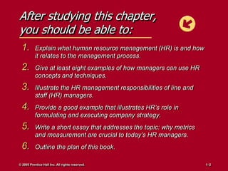 The document discusses the strategic role of human resource management. It explains that HR involves carrying out policies and practices related to recruiting, training, rewarding, and evaluating employees. The responsibilities of HR include both line managers who directly oversee employees and staff managers who assist and advise line managers. An effective HR department formulates strategy with top management and uses metrics to demonstrate how HR activities achieve strategic goals and business outcomes. The role of HR is evolving to focus more on business objectives and demonstrating return on investment through metrics like turnover and training costs.
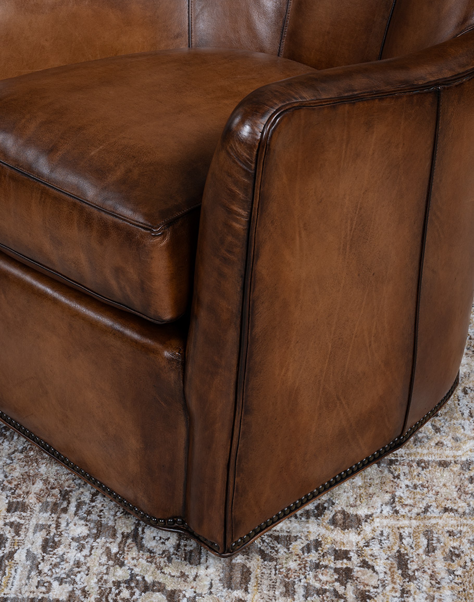 Medium brown, hand-burnished leather stretched over premium cushioning and a fine, durable frame defines the Crockett Swivel Chair. This fine piece of upscale furniture includes beautiful hand burnished detailing in the leather and a clean, robust design. The Crockett Swivel Chair also features nail head accents that complement and accentuate the supple, tones of the leather coverings. This piece is an excellent example of fine rustic design. The Crockett Swivel Chair pairs perfectly with a wide range of décor schemes, thanks in large part to its clean, simplistic design and high construction quality. This chair is a subtle, functional accent piece that would be perfectly at home in a room pursuing a luxurious aesthetic. There’s no shortage of ways this comfortable, well-designed and attractive piece of furniture can edify your home. 100% American Made to the highest standards of quality and craftsmanship.
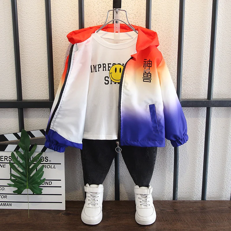 Весна, лето и осень 2022, модное тонкое пальто с капюшоном и цветочным принтом для мальчиков и девочек, детское милое пальто
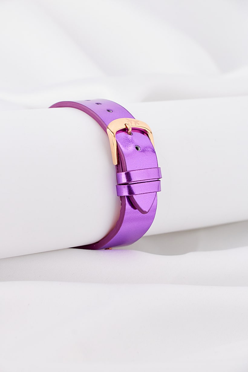 This product features a round dial with a glass window and marker display. It is an ideal gift for women and has a purple synthetic leather strap with a buckle closure. The watch is analog and has a purple dial, making it a great addition to any purple-themed collection.
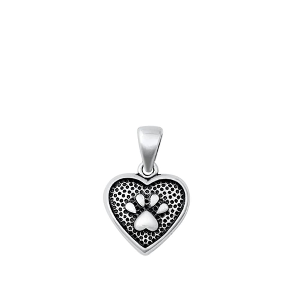 Sterling Silver Unique Pawprint Heart Pendant Cute Love Pet Animal Charm 925 New
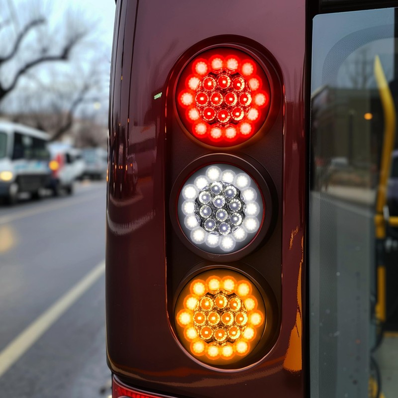 • [BRIGHT LIGHTING]--Our Backup Reverse Lights Equipped with 3 Color Round Trailer Lights with better heat distribution, no glare, brighter and more energy-efficient than halogen bulbs, bring maximum visibility and safety even in harsh weather.
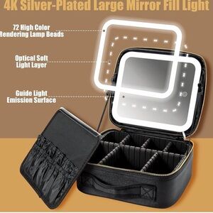【Adjustable Light Makeup Mirror】Our 4K full screen makeup train box has three kinds of lights that can be freely switched, cold light, natural light, warm light, long press the switch to adjust the light brightness from 0% to 100% to meet your different makeup needs.
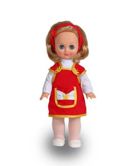 Производитель оставляет за собой право изменения цветовой гаммы одежды и волос куклы, цвет глаз может варьироваться. У милой куклы Натальи от фабрики Весна ясные голубые глаза и блестящие русые волосы. На ней надеты красный сарафанчик с вышивкой, беленькие водолазка, колготки и туфельки. У Натальи закрываются глазки, и она умеет разговаривать. При нажатии на звуковое устройство, вставленное в спинку, кукла произносит следующие фразы: — Мама, мама, — Улыбнись! — Завяжи мне бантик. — Хочу гулять. — Есть хочу. — Дай мне конфетку! — Расскажи сказку. — Расскажи еще! — Хочу спать. — Спокойной ночи! Очаровательная кукла Весна покорит сердце любой девочки! Обаятельный внешний вид и прелестные одежки игрушечных красавиц вызывают только самые добрые и положительные эмоции. Куклы производятся на российских фабриках из нетоксичных, безопасных для детей материалов. Они отличаются высоким качеством, проработанностью деталей и гармоничными пропорциями тела. Голова и ручки кукол изготовлены из эластичного винила, очень приятного на ощупь, а туловище и ножки — из прочной пластмассы. У кукол густые мягкие волосы, которые можно мыть, расчесывать и заплетать как только захочется. Они прочно закреплены и способны выдержать практически любые творческие порывы ребенка. Особый восторг у маленьких модниц вызывают нарядные костюмы, которые можно снимать и менять. Дополнительно к куклам выпускаются самые разнообразные комплекты одежды. С прелестной куклой отечественного производства возможно не просто весело проводить время, но и научиться одеваться по сезону. Игра с очаровательными куклами поможет развить мелкую моторику, а возможность менять костюмчики и прически формирует эстетический вкус. Милая игрушка станет лучшей подружкой для девочки и научит ребенка доброте и заботе о других. Минимальная сумма заказа 500 руб.

------------------------------------------------------------

Output exactly the lines above, beginning at the one with "Sterling Silver Unique" and stopping after the one with "different makeup needs.". Pictures are to be omitted.

 Sterling Silver Unique Pawprint Heart Pendant Cute Love Pet Animal Charm 925 New
 • [BRIGHT LIGHTING]--Our Backup Reverse Lights Equipped with 3 Color Round Trailer Lights with better heat distribution, no glare, brighter and more energy-efficient than halogen bulbs, bring maximum visibility and safety even in harsh weather.
【Adjustable Light Makeup Mirror】Our 4K full screen makeup train box has three kinds of lights that can be freely switched, cold light, natural light, warm light, long press the switch to adjust the light brightness from 0% to 100% to meet your different makeup needs.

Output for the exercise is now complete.